INSTRUCTIONS FOR THE TASK — Below are entries; repeat exactly, and nothing else, the lines from the one holding "Mit einem Ziehmesser" through the one holding "灰翅鸥,夏羽头、颈、腰、尾白", inclusive. Leave the pictures out.

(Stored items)
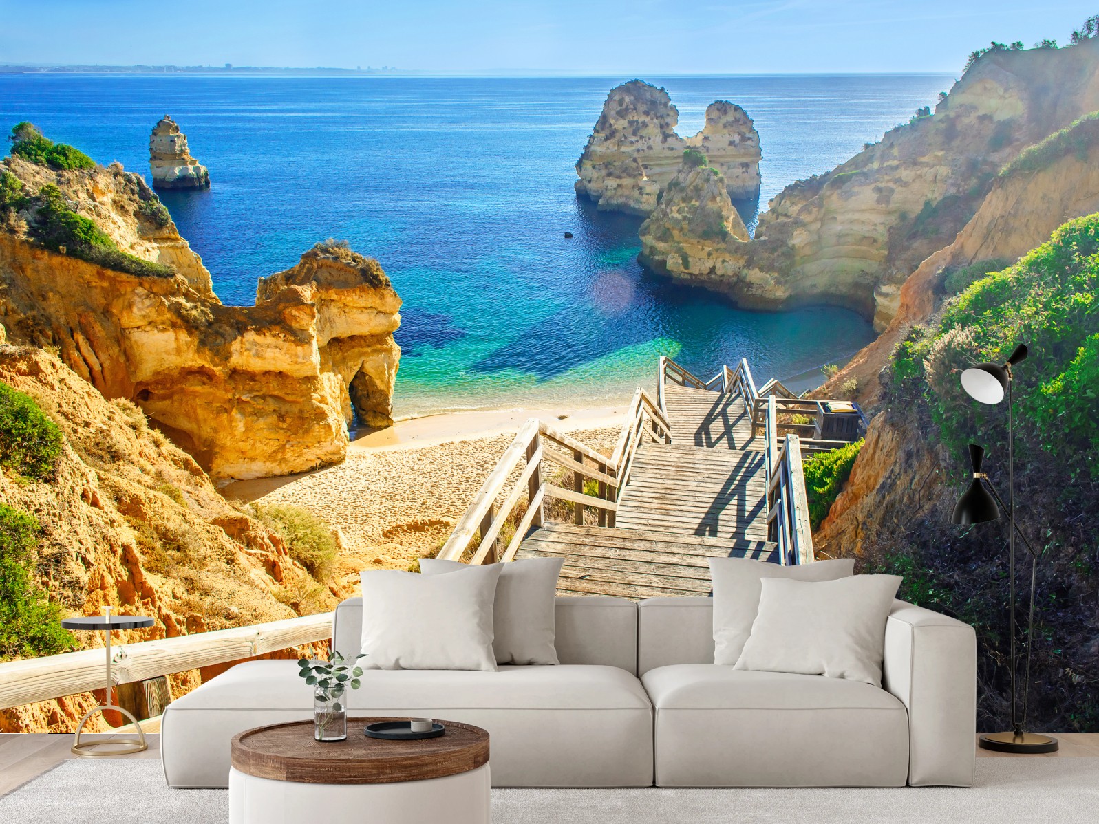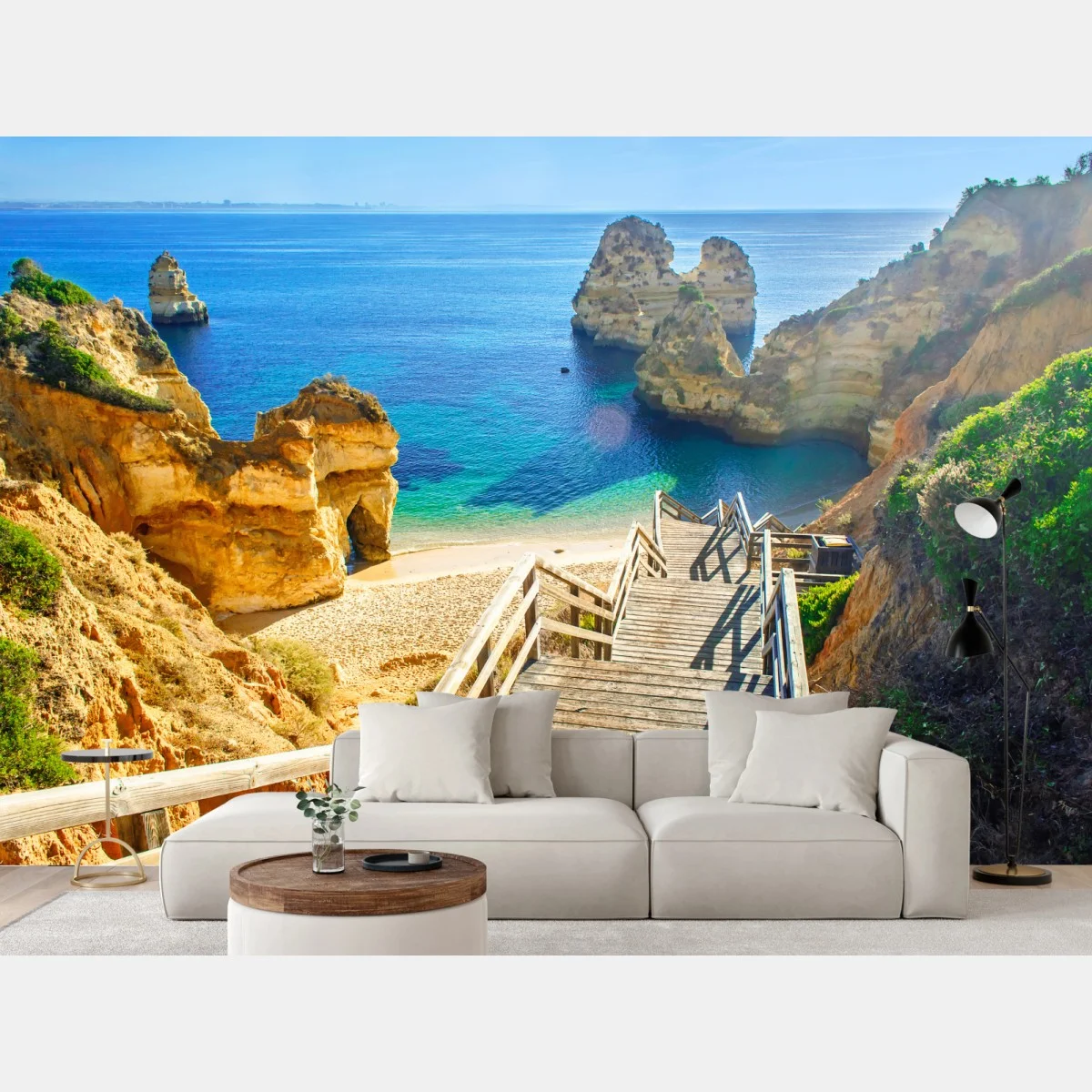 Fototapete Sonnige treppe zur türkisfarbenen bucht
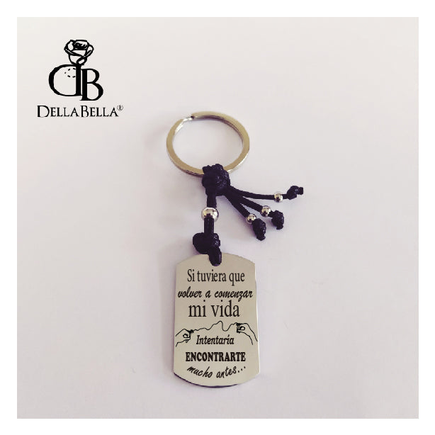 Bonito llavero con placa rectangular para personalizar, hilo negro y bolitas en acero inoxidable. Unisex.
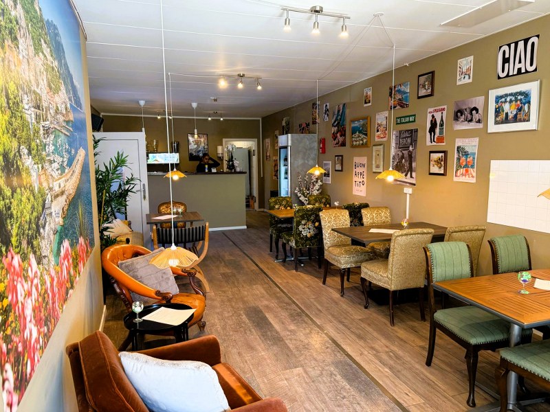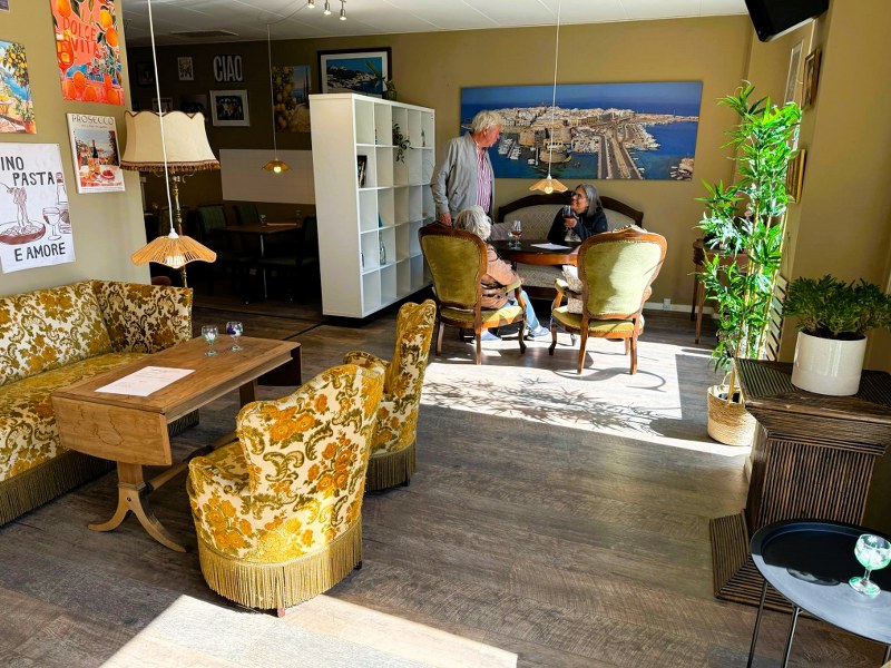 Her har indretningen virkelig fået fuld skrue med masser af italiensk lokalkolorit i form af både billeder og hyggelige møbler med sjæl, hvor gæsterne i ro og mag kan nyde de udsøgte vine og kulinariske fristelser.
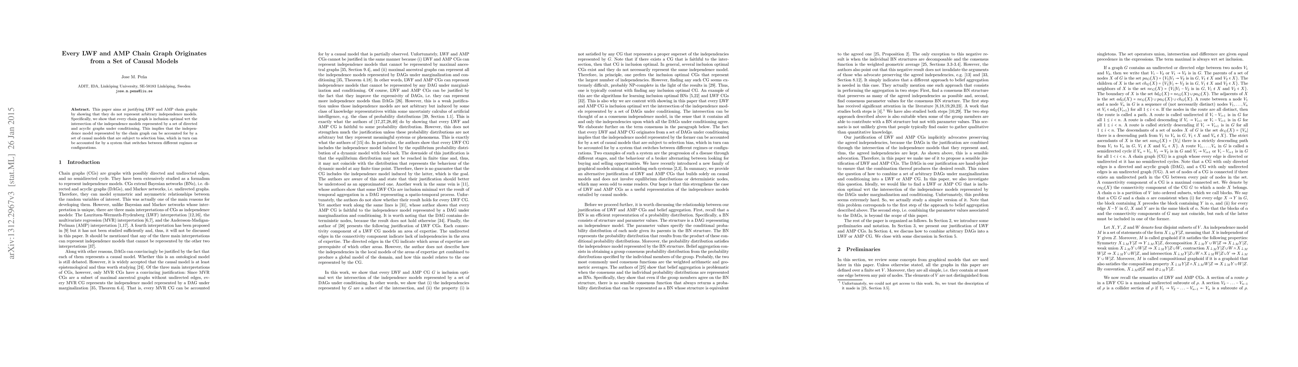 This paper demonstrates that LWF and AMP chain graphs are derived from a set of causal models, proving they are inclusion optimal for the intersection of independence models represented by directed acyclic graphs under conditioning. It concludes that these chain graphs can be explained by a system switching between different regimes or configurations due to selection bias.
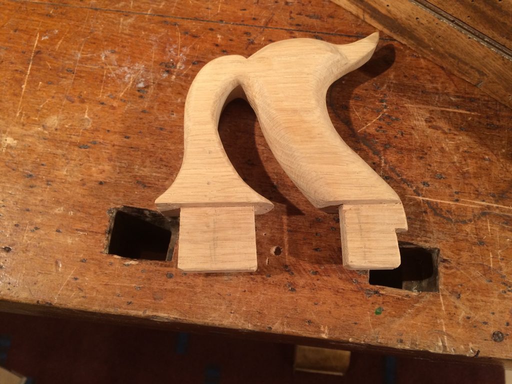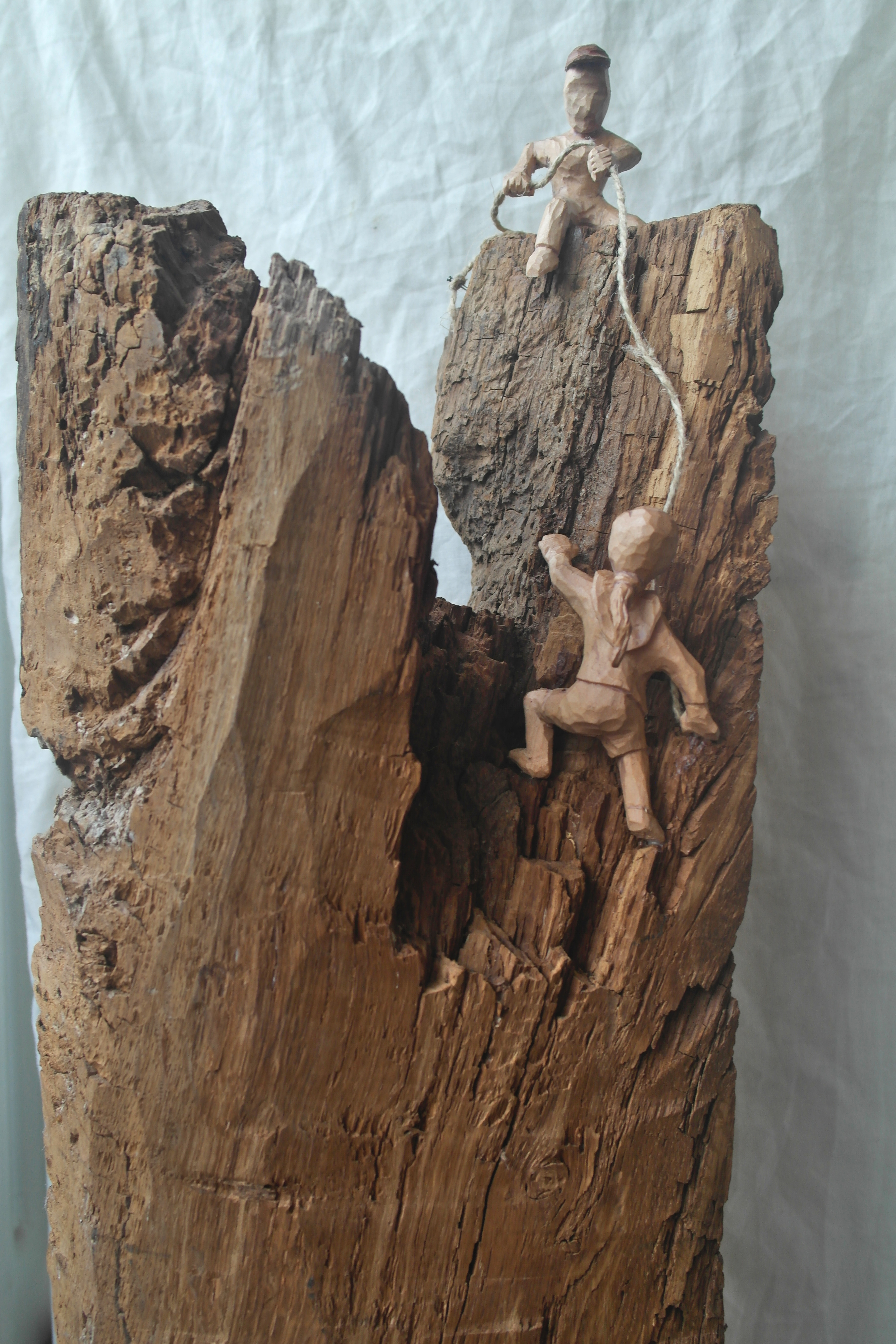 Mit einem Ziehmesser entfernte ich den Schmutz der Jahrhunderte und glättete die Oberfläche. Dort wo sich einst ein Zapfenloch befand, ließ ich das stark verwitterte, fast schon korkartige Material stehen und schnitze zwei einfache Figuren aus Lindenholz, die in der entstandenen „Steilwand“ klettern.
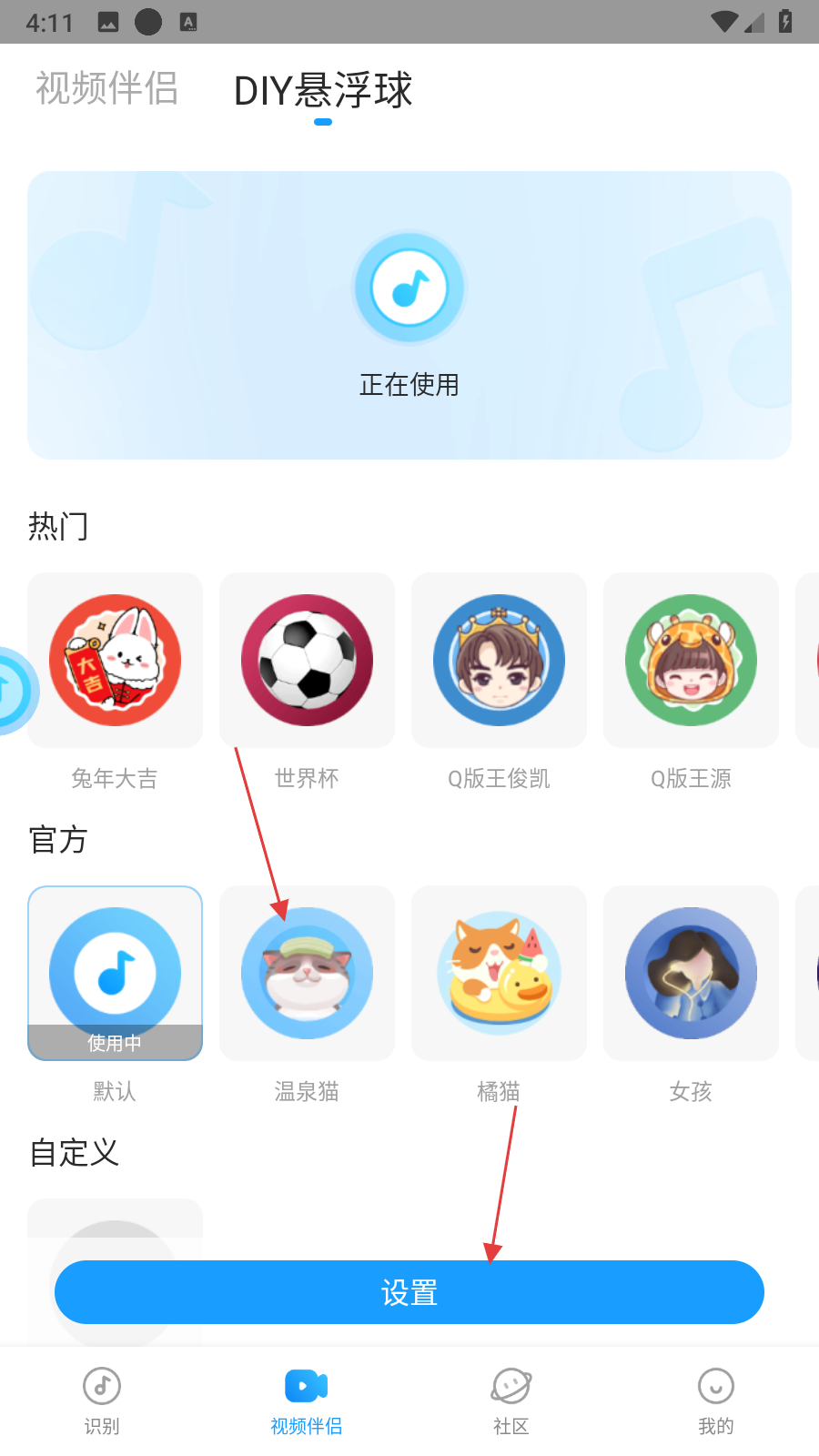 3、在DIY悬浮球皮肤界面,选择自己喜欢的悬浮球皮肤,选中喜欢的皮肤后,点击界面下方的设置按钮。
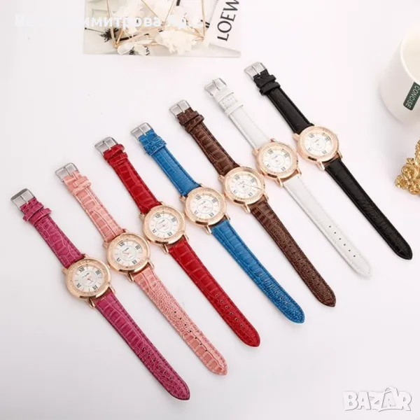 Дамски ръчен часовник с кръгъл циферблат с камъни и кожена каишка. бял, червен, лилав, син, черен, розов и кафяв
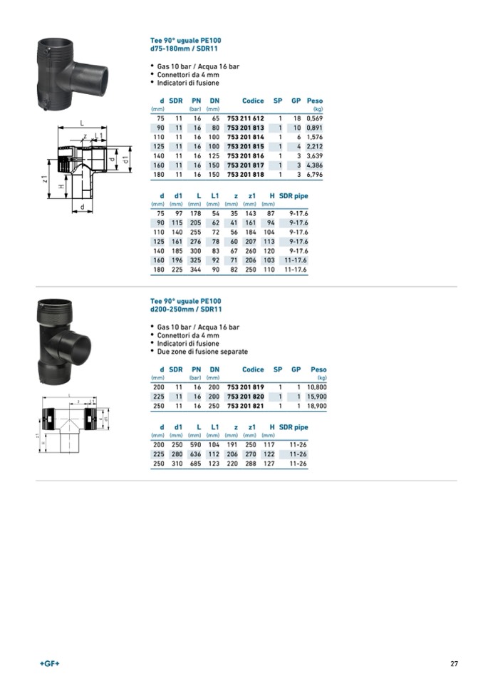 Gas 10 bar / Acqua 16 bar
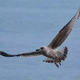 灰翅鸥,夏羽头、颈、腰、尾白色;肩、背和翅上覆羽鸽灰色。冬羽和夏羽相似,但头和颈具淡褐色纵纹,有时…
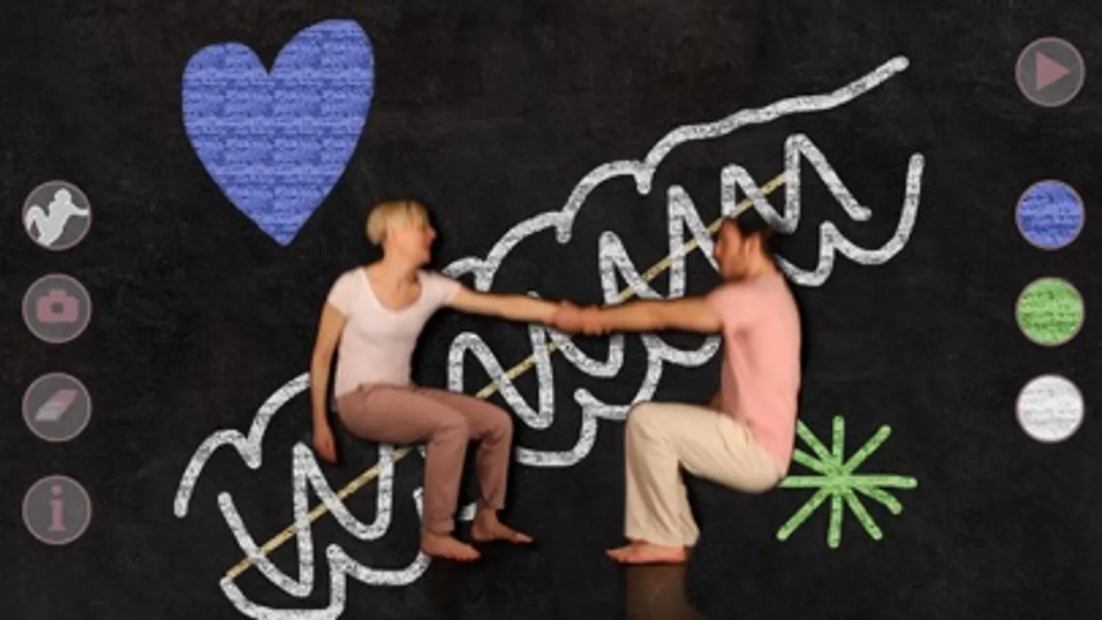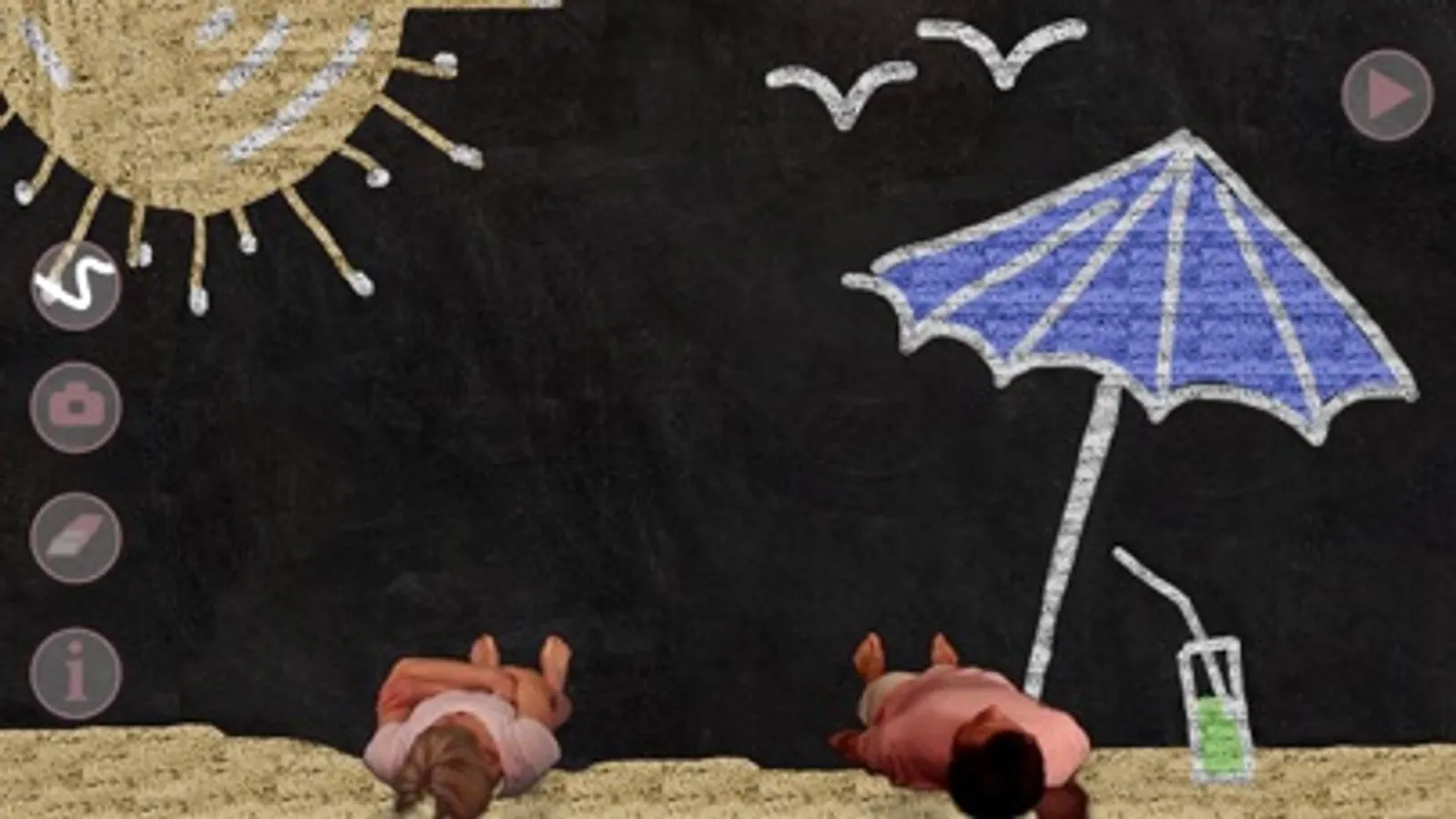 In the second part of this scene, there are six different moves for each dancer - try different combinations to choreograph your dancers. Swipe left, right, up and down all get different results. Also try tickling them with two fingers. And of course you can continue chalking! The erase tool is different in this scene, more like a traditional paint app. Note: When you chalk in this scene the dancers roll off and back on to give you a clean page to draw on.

EXERCISE SOLUTION —
 Mit einem Ziehmesser entfernte ich den Schmutz der Jahrhunderte und glättete die Oberfläche. Dort wo sich einst ein Zapfenloch befand, ließ ich das stark verwitterte, fast schon korkartige Material stehen und schnitze zwei einfache Figuren aus Lindenholz, die in der entstandenen „Steilwand“ klettern.
 3、在DIY悬浮球皮肤界面,选择自己喜欢的悬浮球皮肤,选中喜欢的皮肤后,点击界面下方的设置按钮。
 Дамски ръчен часовник с кръгъл циферблат с камъни и кожена каишка. бял, червен, лилав, син, черен, розов и кафяв
 Gas 10 bar / Acqua 16 bar
 灰翅鸥,夏羽头、颈、腰、尾白色;肩、背和翅上覆羽鸽灰色。冬羽和夏羽相似,但头和颈具淡褐色纵纹,有时…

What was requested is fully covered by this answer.